My web server is (include version):
Apache/2.4.38
The operating system my web server runs on is (include version):
Debian GNU/Linux 10 (buster)
My hosting provider, if applicable, is:
selfhosted
I can login to a root shell on my machine (yes or no, or I don't know):
Yes
I'm using a control panel to manage my site (no, or provide the name and version of the control panel):
No
The version of my client is (e.g. output of certbot --version or certbot-auto --version if you're using Certbot):
certbot 0.31.0

1 Like
2

Your website works fine: https://paulas-masks.mooo.com/

1 Like
3

Oh, my mistake. Looks like the second approach to install the certificate worked, although https://www.ssllabs.com still tells me there is a problem. Thanks for checking!

4

not really... SSL Server Test: paulas-masks.mooo.com (Powered by Qualys SSL Labs)
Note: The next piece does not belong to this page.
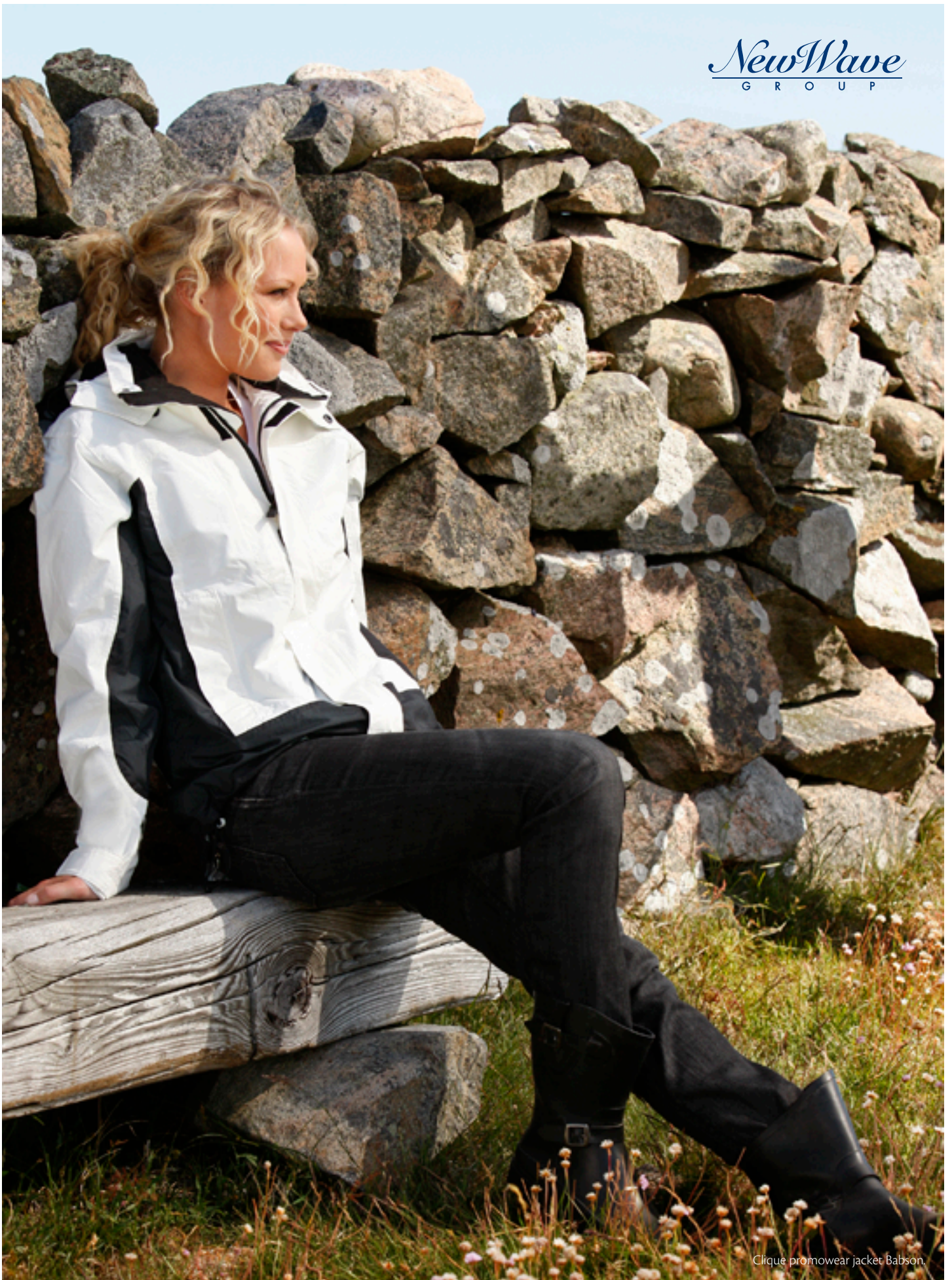
Clique promowear jacket Babson.

what problem were you referring to?

(did you put HSTS preload on on purpose? if not, remove it.)

5

That's not preloading, that's jus thte HSTS header.

6

Looks that I still had cached the old results on ssllabs.com . Before, it my server was sending the certificate for the other domain. Now everything looks fine.

1 Like
7

max-age=15768000; includeSubDomains; preload
:confused:

8

That doesn't do anything by itself as far as I know. It's just a prerequisite for inclusion when submitted for inclusion. See https://hstspreload.org/

1 Like
9

That's correct.

But if the main domain has all of the other prerequisites, everyone can submit that domain.

That's the reason I've added a warning:

Warning: HSTS preload sent, but not in Preload-List. Never send a preload directive if you don't know what preload means. Check https://hstspreload.org/ to learn the basics about the Google-Preload list. If you send a preload directive, you should immediately add your domain to the HSTS preload list via https://hstspreload.org/ . If Google accepts the domain, so the status is "pending": Note that new entries are hardcoded into the Chrome source code and can take several months before they reach the stable version. So you will see this message some months. If you don't want that or if you don't understand "preload", but if you send a preload directive and if you have correct A-redirects, everybody can add your domain to that list. Then you may have problems, it's not easy to undo that. So if you don't want your domain preloaded, remove the preload directive.

1 Like
10

yeah, but anyone can submit it if the header contains preload (but subdomains aren’t eligible for inclusion)

1 Like
11

Oeehh, good point guys, especially now we’ve let the whole world known they can add the site… :face_with_raised_eyebrow:

1 Like
12

No.

There is a Grade B warning:

B warning: HSTS max-age is too short - minimum 31536000 = 365 days required, 15768000 seconds = 182 days found

That blocks.

But there are a lot of domains with A and with that warning.

PS: And it's a subdomain, mooo.com isn't a Public Suffix. So it's impossible to add that subdomain.

1 Like
13

This topic was automatically closed 30 days after the last reply. New replies are no longer allowed.